You should already know how to write a SAS program to read an external data file and run SAS procedures using the data. In addition, you should be familiar with basic ANOVA methods and assumptions.
As with any ANOVA, repeated measures ANOVA tests the equality of means. However, repeated measures ANOVA is used when all members of a random sample are measured under a number of different conditions. As the sample is exposed to each condition in turn, the measurement of the dependent variable is repeated. Using a standard ANOVA in this case is not appropriate because it fails to model the correlation between the repeated measures: the data violate the ANOVA assumption of independence. Keep in mind that some ANOVA designs combine repeated measures factors and nonrepeated factors. If any repeated factor is present, then repeated measures ANOVA should be used.
This approach is used for several reasons. First, some research hypotheses require repeated measures. Longitudinal research, for example, measures each sample member at each of several ages. In this case, age would be a repeated factor. Second, in cases where there is a great deal of variation between sample members, error variance estimates from standard ANOVAs are large. Repeated measures of each sample member provides a way of accounting for this variance, thus reducing error variance. Third, when sample members are difficult to recruit, repeated measures designs are economical because each member is measured under all conditions.

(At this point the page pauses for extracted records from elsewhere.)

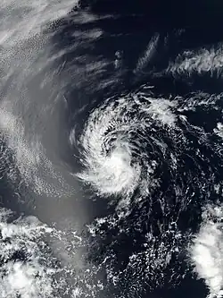 The interaction between a tropical wave, a preexisting area of disturbed weather, and the favorable phase of the Madden-Julian Oscillation (MJO) led to the formation of a surface low late on June 23. Deep convection coalesced with this circulation over the ensuing hours, and a tropical depression developed around 06:00 UTC on June 24. The system struggled via the effects of nearby dry air and some wind shear as it moved west to west-northwest under the subtropical ridge. Nonetheless, it intensified into Tropical Storm Boris around 18:00 UTC on June 25 when deep convection was most prevalent. A further increase in upper-level winds prevented Boris from strengthening beyond minimal tropical storm intensity, and it instead weakened to a tropical depression again twelve hours later before crossing into the Central Pacific basin. All associated thunderstorm activity dissipated by June 28, and Boris degenerated to a remnant area of low pressure by 00:00 UTC that day. The post-tropical cyclone curved west-southwest and dissipated well south-southeast of the Hawaiian Islands on June 30.[26]
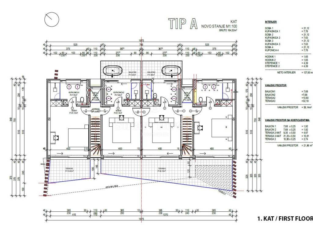 Nettowohnfläche + Balkone, überdachte und nicht überdachte Terrassen: 467 m2
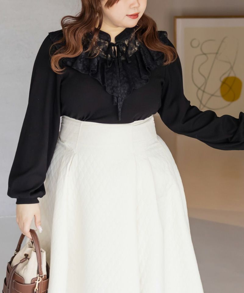 デコルテ部分がレースで切り替わったフェミニンなデザインの、フリルとリボンがポイントのカットソープルオーバー。ちらりと肌見せできるレースの透け感が女っぽさを上げてくれる。二の腕を細く見せるゆとりのある袖デザインと、顔回りをシャープに見せるVラインに切り替わったフリルもポイント◎
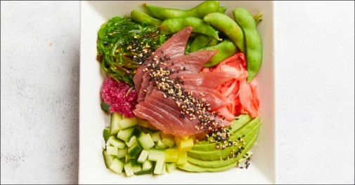Valgfri poke bowl med laks, tun, kylling eller vegetarisk variant – inkl. soya sauce og mulighed for takeaway - DEAL Pris kr. 99,- (normalpris kr. 129,-)

Repeated measures ANOVA can also be used when sample members have been matched according to some important characteristic. Here, matched sets of sample members are generated, with each set having the same number of members and each member of a set being exposed to a different random level of a factor or set of factors. When sample members are matched, measurements across conditions are treated like repeated measures in a repeated measures ANOVA.
For example, suppose that you select a group of depressed subjects, measure their levels of depression, and then match subjects into pairs having similar depression levels. One subject from each matching pair is then given a treatment for depression, and afterwards the level of depression of the entire sample is measured again. ANOVA comparisons between the two groups for this final measure would be most efficient using a repeated measures ANOVA. In this case, each matched pair would be treated as a single sample member.

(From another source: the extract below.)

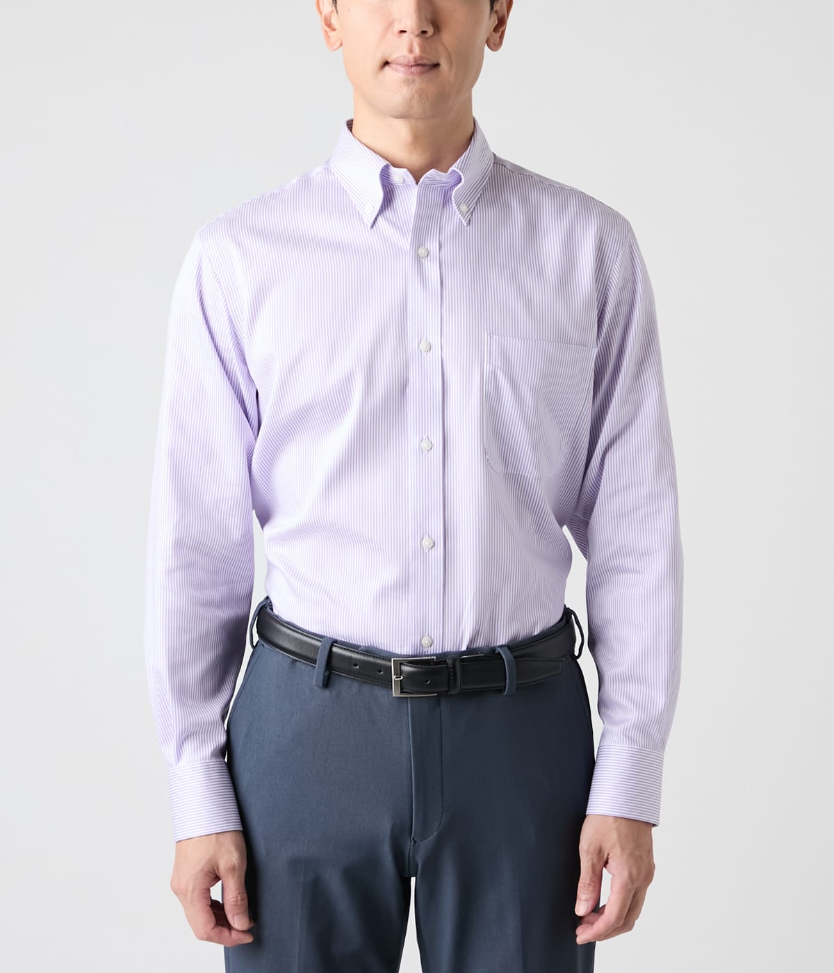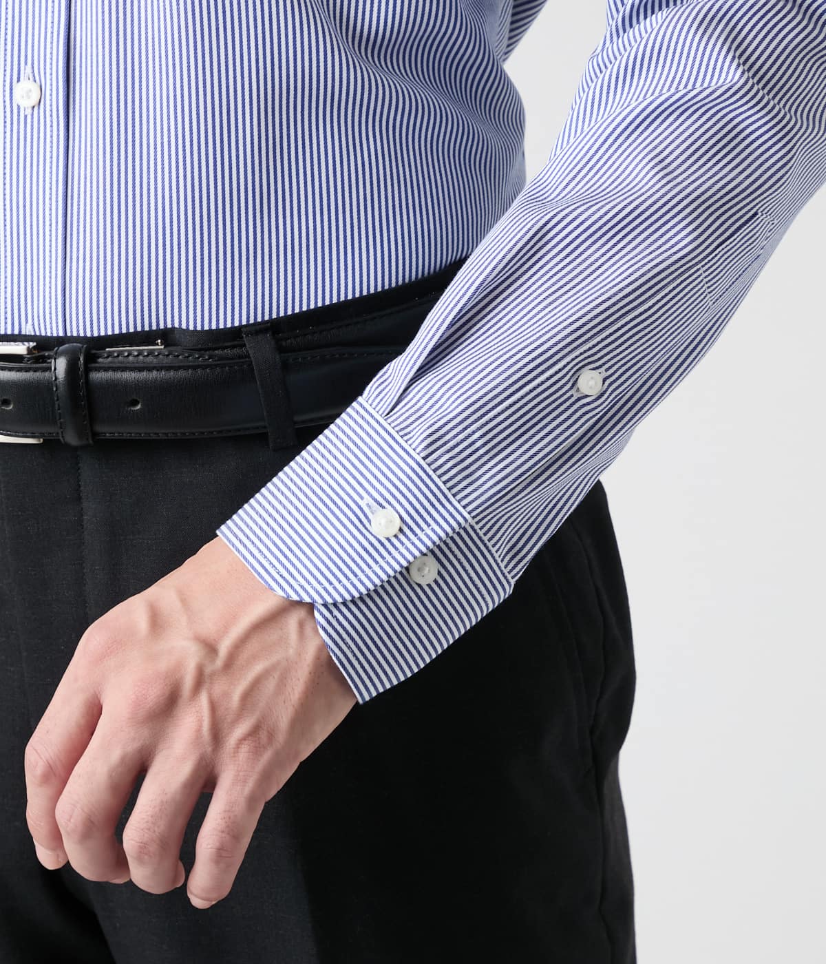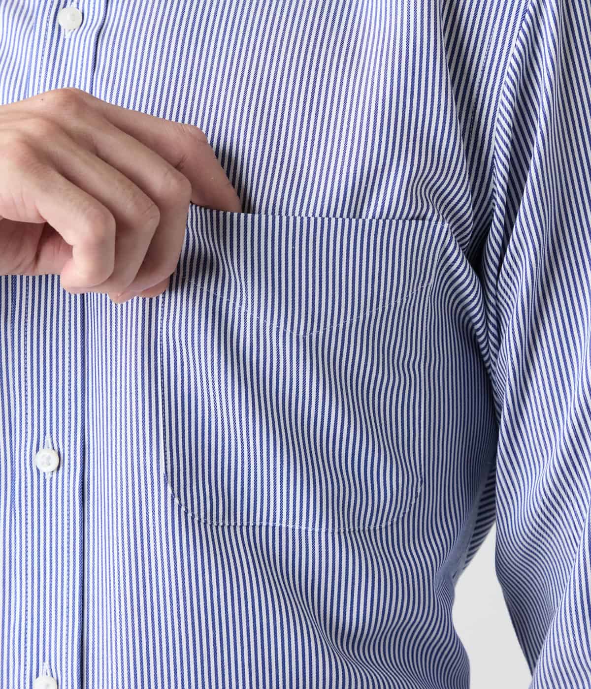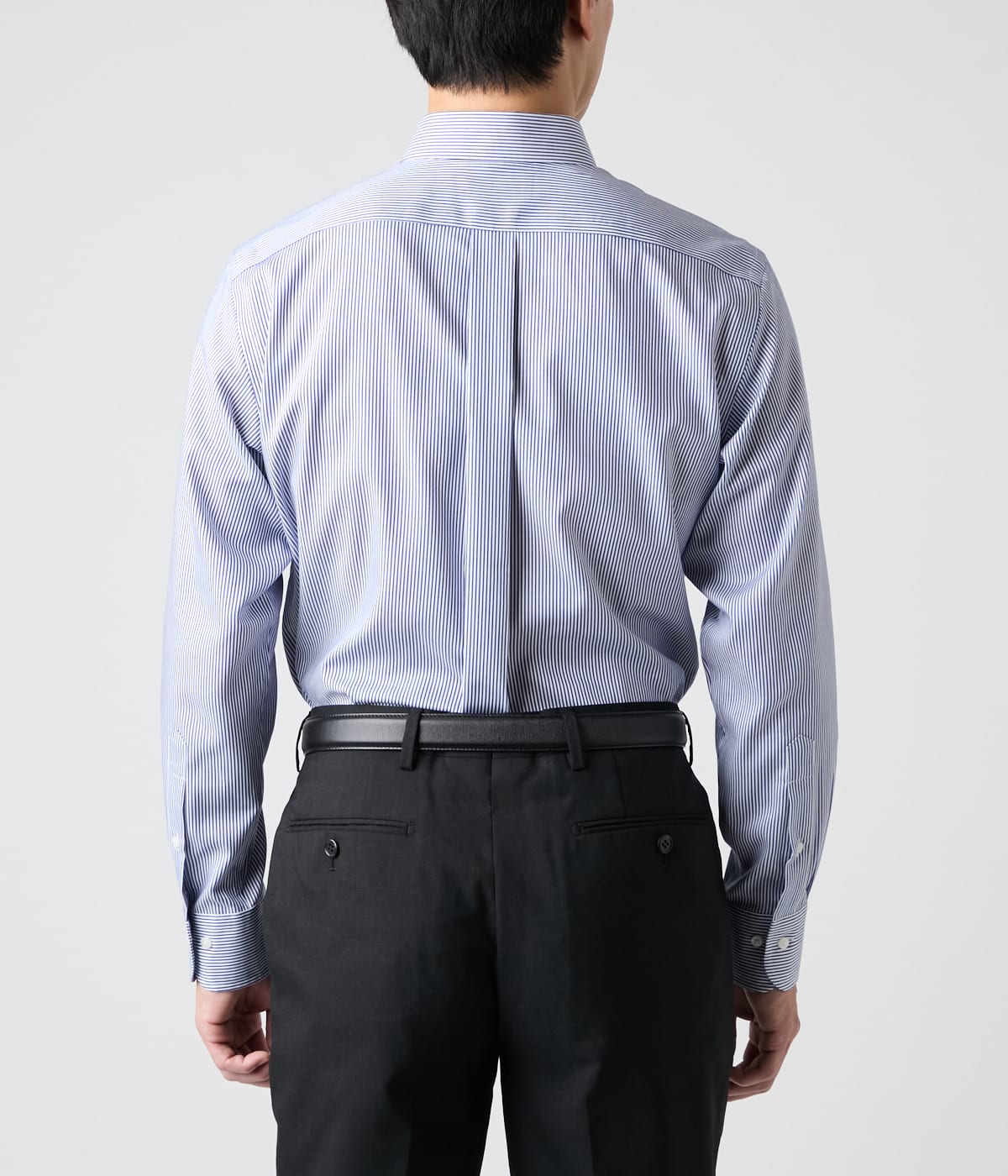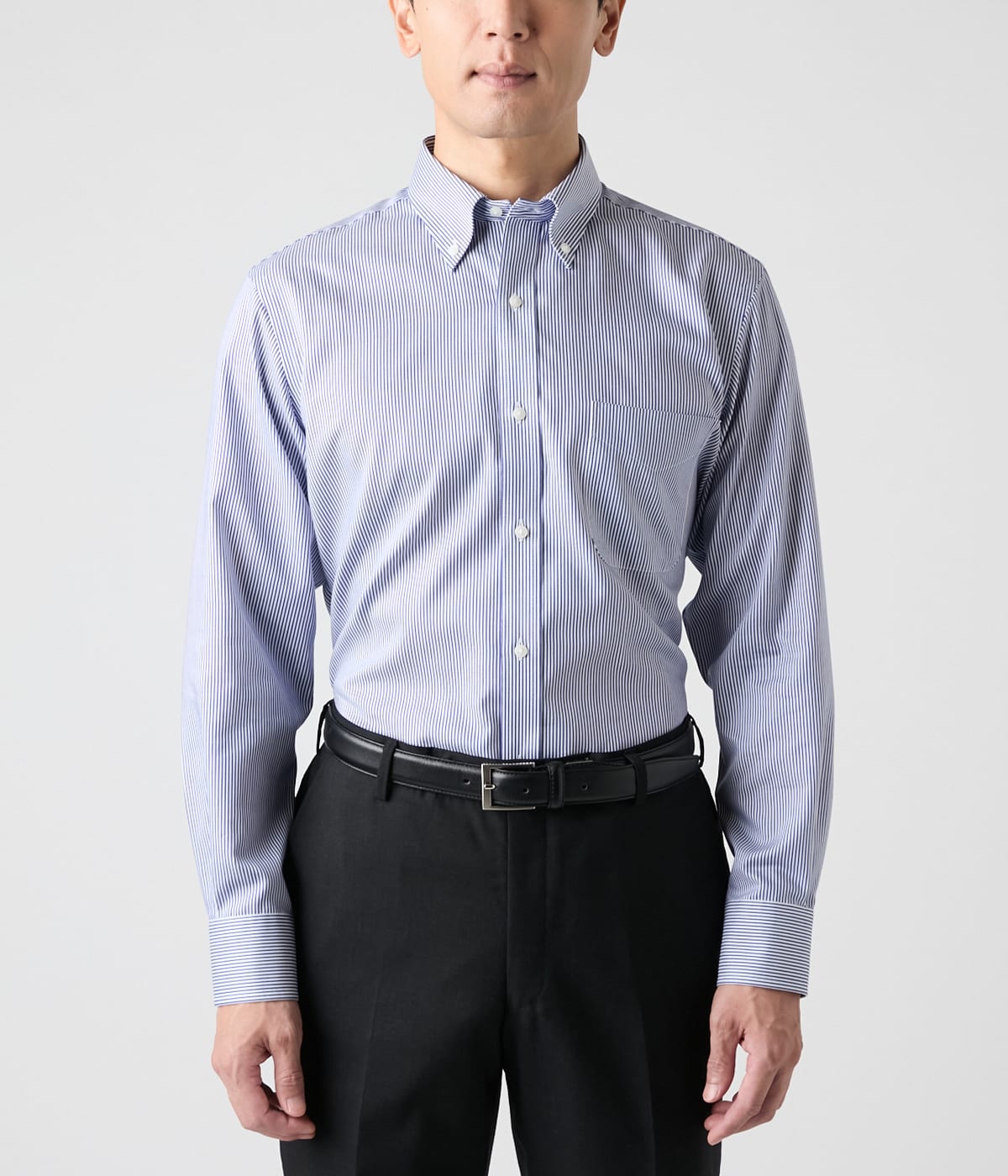 立体感のあるドビー組織に上品なロンドンストライプを施したボタンダウンシャツ。シャープなストライプ柄ながら奥行きを持たせ、ビジネスからカジュアルまで幅広く品格ある着こなしを叶えます。タイドアップしたビジネススタイルからノーネクタイのラフなスタイルまで、シーズンを通して活躍します。

One should be clear about the difference between a repeated measures design and a simple multivariate design. For both, sample members are measured on several occasions, or trials, but in the repeated measures design, each trial represents the measurement of the same characteristic under a different condition. For example, one can use a repeated measures ANOVA to compare the number of oranges produced by an orange grove at years one, two, and three. The measurement is the number of oranges, and the condition that changes is the year. In contrast, for the multivariate design, each trial represents the measurement of a different characteristic. You should not, for example, use a repeated measures ANOVA to compare the number, weight, and price of oranges produced by a grove of orange trees. The three measurements are number, weight, and price, and these do not represent different conditions, but different qualities. It is generally inappropriate to test for mean differences between such disparate measurements.
Several terms in this document may be unfamiliar. It will be helpful for you to know their meaning.
A sample member is called a subject.
When a dependent variable is measured repeatedly for all sample members across a set of conditions, this set of conditions is called a within-subjects factor. The conditions that constitute this type of factor are called trials.
When a dependent variable is measured on independent groups of sample members, where each group is exposed to a different condition, the set of conditions is called a between-subjects factor. The conditions that constitute this factor type are called groups.
When an analysis has both within-subjects factors and between subjects factors, it is called a repeated measures ANOVA with between-subjects factors.
The remainder of this document uses a detailed example to illustrate repeated measures ANOVA. Suppose that, as a health researcher, you want to examine the impact of dietary habit and exercise on pulse rate. To investigate these issues, you collect a sample of individuals and group them according to their dietary preferences: meat eaters and vegetarians. You then divide each diet category into three groups, randomly assigning each group to one of three types of exercise: aerobic stair climbing, racquetball, and weight training. So far, then, your design has two between-subjects (grouping) factors: dietary preference and exercise type.
Suppose that, in addition to these between-subjects factors, you want to include a single within-subjects factor in the analysis. Each subject’s pulse rate will be measured at three levels of exertion: after warm-up exercises, after jogging, and after running. Thus, intensity (of exertion) is the within-subjects factor in this design. In the SAS syntax that appears below, this factor is labeled Intensity. The order of these three measurements will be randomly assigned for each subject.
Note that all the factors just described can be considered fixed effects. The levels of intensity, diet, and exercise-type were selected because you are interested in those specific categories. In contrast, the levels of a random effect are chosen at random from a population of possible levels. Random effects cannot be appropriately analyzed with the method being described.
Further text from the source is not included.